I am adding pictures of complete bridge. The locomotive is a cheap N scale engine, since I model HO and it on the guard rail track.


----------



## Magic (Jan 28, 2014)

Looks great but what happens if you have to move the entertainment center?  

Magic


----------



## Northern Route (May 12, 2014)

I custom built the entertainment center in place. The top cabinet is attached to the ceiling and wall and the bottom is attached to the wall and floor. I designed it especially for my diorama and I made a 3x6 inch conduit for the wiring whenever I get the TV and sound system put in place.
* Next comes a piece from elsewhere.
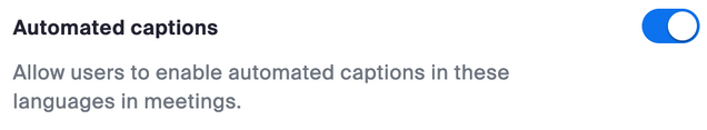 - Automated caption languages: Available languages can be added or removed as needed. This affects the list of languages presented when starting captions in a meeting.
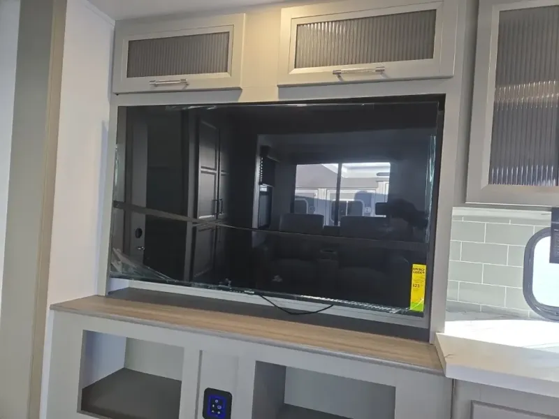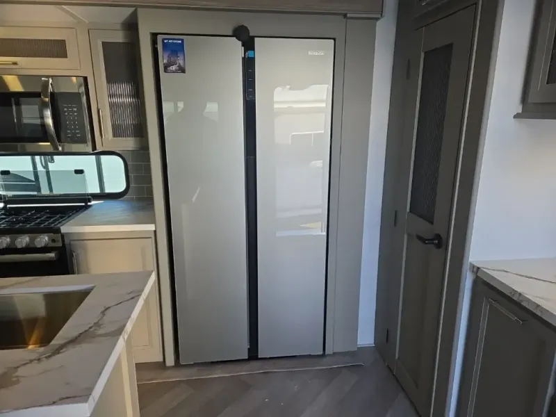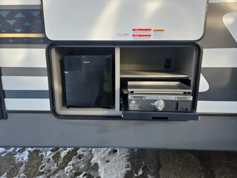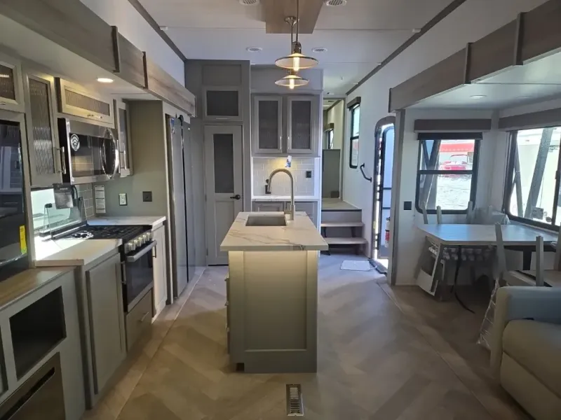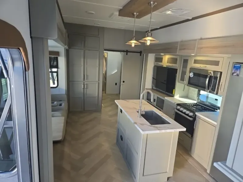A great family bunkhouse fifth wheel featuring quad slides that really open this entire unit up to provide spacious living throughout. A booth dinette or optional free standing dinette is great for meals, and full reclining theater seating with massage, lights, and USB connectivity make movie night a real treat! The kids will love the rear bunkhouse with a separate bath and private entry for easy access when outside. There is even a loft area above for storage, so they can bring a few friends along as well. The kitchen has all of the features needed to allow you to cook and entertain when you want with a three burner range including a glass top, a 16 cu. ft. 12 volt refrigerator, pantry, hutch for dishes and things, plus a solid surface countertop on the center island that houses your sink. In the bedroom, a king bed slides out to offer more floor space to move about, plus you will find ample storage in the front wardrobe which has also been prepped for a washer and dryer if you choose to add. You can also add a TV in the bedroom since it has been prepped for one as well. And let's not forget the outside two burner cooktop and refrigerator!

The top and bottom are not attached to each other, in other words it does not move.


----------



## Magic (Jan 28, 2014)

Great idea.


----------



## Greg903 (Dec 27, 2013)

Bridge is awesome,heck of a span. You need a ocean. Lol.


----------



## Chet (Aug 15, 2014)

With a bridge like that, you should model Flaglers railroad to the Florida Keys.


----------



## Big Ed (Jun 16, 2009)

Nice bridge, you could add a river in the center span and make the rest a dry gulch.
Add some tumbleweeds and brush maybe some tree debris from former floods.

I like your sailing vessels too. :smilie_daumenpos:
Too bad one wasn't a little more to scale you could add it to the river sailing under the bridge.


----------



## DonR (Oct 18, 2012)

Fantastic craftsmanship.

What scale is that? Those cars look like Z.

Can't help but admire that Royal Manual
typewriter. I learned on one in High School
and used one til I retired. Hated the
Underwoods.

Don


----------



## tjcruiser (Jan 10, 2010)

Fabulous work, NR ... great looking project, and I especially like the poke-throughs to your adjacent layout areas!


----------